Bien évidemment, c’est la solution 2 que nous vous recommandons car la solution 1 provoquerait nombre de conflits inutiles nuisant aux deux parties. Bien, maintenant, parlons du gros morceau, à savoir Kigliq. Comme pour les deux gisements précédents, je vais vous faire un léger exposé. Pour commencer, les gens extérieurs au monde pétro-gazier voient souvent un gisement comme un immense lac souterrain rempli de pétrole ou comme une immense cavité remplie de gaz, mais cette vision est totalement fausse. En réalité, il faut voir un gisement comme une grosse éponge qui peut contenir un fluide, ce fluide peut être de l’eau, du gaz, du pétrole ou un mélange des trois. Cette éponge a une certaine qualité, permettant donc que plus ou moins de fluide soit contenu dedans et indiquant également la facilité avec laquelle ledit fluide peut circuler. Le problème, c’est que cette qualité peut varier au sein d’un même gisement, la porosité comme la perméabilité peut changer. Généralement, cette variation est faible, mais dans le cas de Kigliq, ce n’est pas du tout le cas. C’est pour cela que nous avons dû forer plus de puits qu’initialement prévu, nous devions être en capacité de localiser les différentes zones pour en estimer les réserves et les possibilités d’exploitation.

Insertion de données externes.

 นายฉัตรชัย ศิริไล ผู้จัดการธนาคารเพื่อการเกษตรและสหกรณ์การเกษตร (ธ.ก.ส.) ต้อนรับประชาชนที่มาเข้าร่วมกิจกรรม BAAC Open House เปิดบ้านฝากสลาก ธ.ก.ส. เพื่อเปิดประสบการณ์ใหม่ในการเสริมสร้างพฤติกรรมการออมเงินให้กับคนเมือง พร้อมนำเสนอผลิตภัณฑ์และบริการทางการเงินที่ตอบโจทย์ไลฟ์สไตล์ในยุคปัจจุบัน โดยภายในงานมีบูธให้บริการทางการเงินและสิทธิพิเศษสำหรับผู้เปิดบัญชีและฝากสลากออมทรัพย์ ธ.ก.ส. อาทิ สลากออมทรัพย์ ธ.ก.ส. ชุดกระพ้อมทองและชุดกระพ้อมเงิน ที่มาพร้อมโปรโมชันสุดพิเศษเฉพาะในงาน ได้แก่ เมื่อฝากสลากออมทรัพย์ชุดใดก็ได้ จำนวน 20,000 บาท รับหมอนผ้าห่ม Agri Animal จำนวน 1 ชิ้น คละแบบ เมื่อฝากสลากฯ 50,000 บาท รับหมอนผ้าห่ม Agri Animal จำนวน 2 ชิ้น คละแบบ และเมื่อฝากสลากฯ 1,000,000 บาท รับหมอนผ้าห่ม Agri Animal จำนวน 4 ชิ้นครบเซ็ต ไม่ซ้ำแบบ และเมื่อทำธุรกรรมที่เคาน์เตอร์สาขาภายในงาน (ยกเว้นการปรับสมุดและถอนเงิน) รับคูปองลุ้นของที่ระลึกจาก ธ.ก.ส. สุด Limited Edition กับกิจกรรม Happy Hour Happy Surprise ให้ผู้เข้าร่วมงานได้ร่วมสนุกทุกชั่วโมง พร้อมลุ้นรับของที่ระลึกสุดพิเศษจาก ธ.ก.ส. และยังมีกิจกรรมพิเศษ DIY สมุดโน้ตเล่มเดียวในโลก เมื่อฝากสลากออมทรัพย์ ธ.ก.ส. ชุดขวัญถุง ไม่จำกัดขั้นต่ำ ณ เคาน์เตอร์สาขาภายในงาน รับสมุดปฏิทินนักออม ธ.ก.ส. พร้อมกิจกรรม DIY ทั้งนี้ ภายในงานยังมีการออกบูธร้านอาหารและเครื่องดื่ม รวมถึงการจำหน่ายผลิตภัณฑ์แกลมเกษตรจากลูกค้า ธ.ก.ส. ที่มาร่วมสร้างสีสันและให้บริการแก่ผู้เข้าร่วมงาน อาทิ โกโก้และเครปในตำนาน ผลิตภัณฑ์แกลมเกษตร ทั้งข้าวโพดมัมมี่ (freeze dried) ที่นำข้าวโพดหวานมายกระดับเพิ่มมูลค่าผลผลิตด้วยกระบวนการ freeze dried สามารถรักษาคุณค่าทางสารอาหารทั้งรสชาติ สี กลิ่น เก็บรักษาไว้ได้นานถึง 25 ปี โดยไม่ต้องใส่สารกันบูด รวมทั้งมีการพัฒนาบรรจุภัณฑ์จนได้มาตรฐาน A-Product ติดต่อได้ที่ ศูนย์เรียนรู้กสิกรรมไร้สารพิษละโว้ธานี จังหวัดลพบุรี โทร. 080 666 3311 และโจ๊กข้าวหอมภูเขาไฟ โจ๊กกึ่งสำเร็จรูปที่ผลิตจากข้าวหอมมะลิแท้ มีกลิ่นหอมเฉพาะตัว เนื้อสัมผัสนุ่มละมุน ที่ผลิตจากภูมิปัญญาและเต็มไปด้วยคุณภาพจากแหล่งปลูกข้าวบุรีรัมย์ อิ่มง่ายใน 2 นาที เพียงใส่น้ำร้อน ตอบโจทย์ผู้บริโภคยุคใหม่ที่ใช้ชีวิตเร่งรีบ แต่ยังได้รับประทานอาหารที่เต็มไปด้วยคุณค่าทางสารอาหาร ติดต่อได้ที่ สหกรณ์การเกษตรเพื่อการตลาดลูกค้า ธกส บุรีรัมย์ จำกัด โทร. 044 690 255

Sur cette carte, nous avons modélisé l’évolution de la porosité du gisement. Au sud, en vert clair, celle-ci est parfaite, le gaz circulant assez facilement. Dans la zone du dessus, en vert gris, la porosité baisse légèrement mais reste tout à fait convenable, le gaz circulant toujours plus ou moins librement avec cependant quelques difficultés. Encore plus haut, en vert foncé, la baisse de porosité devient plus conséquente, pour l’exploiter il faudra donc un nombre de puits accru car, comme le gaz circule moins, ce sera à nous d’aller le chercher. Jusque-là, on restait dans des porosités acceptables, mais la dernière zone, elle, passe dans un tout autre niveau. En réalité, celle-ci tient plus du non conventionnel, comme le gaz de réservoir compact, que du gisement de gaz classique. Si un jour celle-ci doit être mise en exploitation, cela se fera au travers de puits horizontaux et de fracturation hydraulique mais surtout d’un coût de développement bien supérieur.
Également, je n’aborde pas ici la problématique des frontières car cela n’est en réalité pas un problème, la frontière ouest donnant sur des eaux n’appartenant à personne et la frontière nord étant dans la zone de faible porosité.

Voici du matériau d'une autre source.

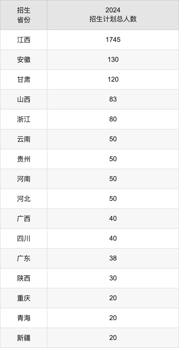 2024年江西中医药高等专科学校面向全国25个省市开展专科招生;招生专业共19个,招生人数共2679人。其中,江西中医药高等专科学校在江西省招生人数最多的是护理,2024年在江西省招生计划总人数是1745人。江西中医药高等专科学校在各省具体招生人数情况如下表。
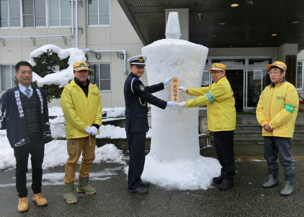 飛騨地区交通安全協会では、令和8年1月13日、飛騨警察署において開催された「雪像ろうそく」の贈呈式に参加しました。「雪像ろうそく」は、飛騨市の伝統行事で毎年1月15日に行われる「三寺まいり」に伴い制作され、このうち2基が地域の交通安全を願い飛騨市観光協会から贈呈されたものです。

Ici, vous pouvez voir la quantité de gaz en place par zone et la quantité de gaz récupérable sans utiliser de techniques non conventionnelles telles que la fracturation hydraulique.

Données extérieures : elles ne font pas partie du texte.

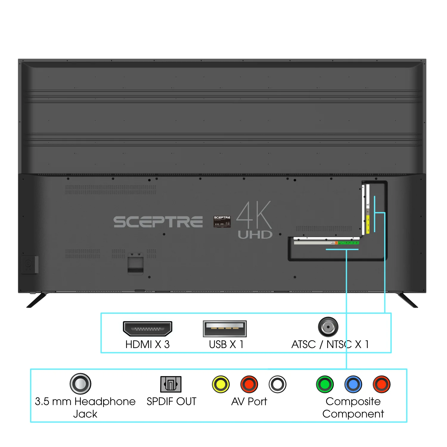 Sceptre 75″ Class TV (U750CV-U): Key Features: Screen Size (Diag.): 74.5″ Backlight Type: LED Resolution: 2160p High Dynamic Range (HDR) Effective Refresh Rate: 60Hz Smart Functionality: no Aspect Ratio: 16:9 Viewable Angle (H/V): 178 degrees/178 degrees Number of Colors: 16.7 M OSD Language: English, Spanish, French Speakers/Power Output: 10W x 2 Noise Reduction and Weak Signal EnhancementConnectivity: Component/Composite Video HDMI Headphone Optical Digital Audio RCA Audio L+R RF (Coaxial) USB 2.0What’s In The Box: Remote ControlSupport and Warranty: 1-year limited labor and parts Flat Screen TV stand sold separately. See all TV stands. Flat Screen TV mount sold separately. See all TV mounts. TV audio equipment sold separately. See all Home Theater Systems. HDMI cables sold separately. See all HDMI Cables. Accessories sold separately. See all Accessories.

Falko marqua alors une pause, regardant en même temps que son interlocuteur le tableau affiché à l’écran, puis quelques secondes plus tard, il se saisit d’un verre d’eau, but quelques gorgées, puis reprit.
Falko Meyer – Voilà ce que je pouvais vous dire sur les réserves en place pour vos trois gisements. Si vous avez des questions, n’hésitez pas, dans le cas inverse, je continue dans ce que nous vous préconisons pour le développement des ressources.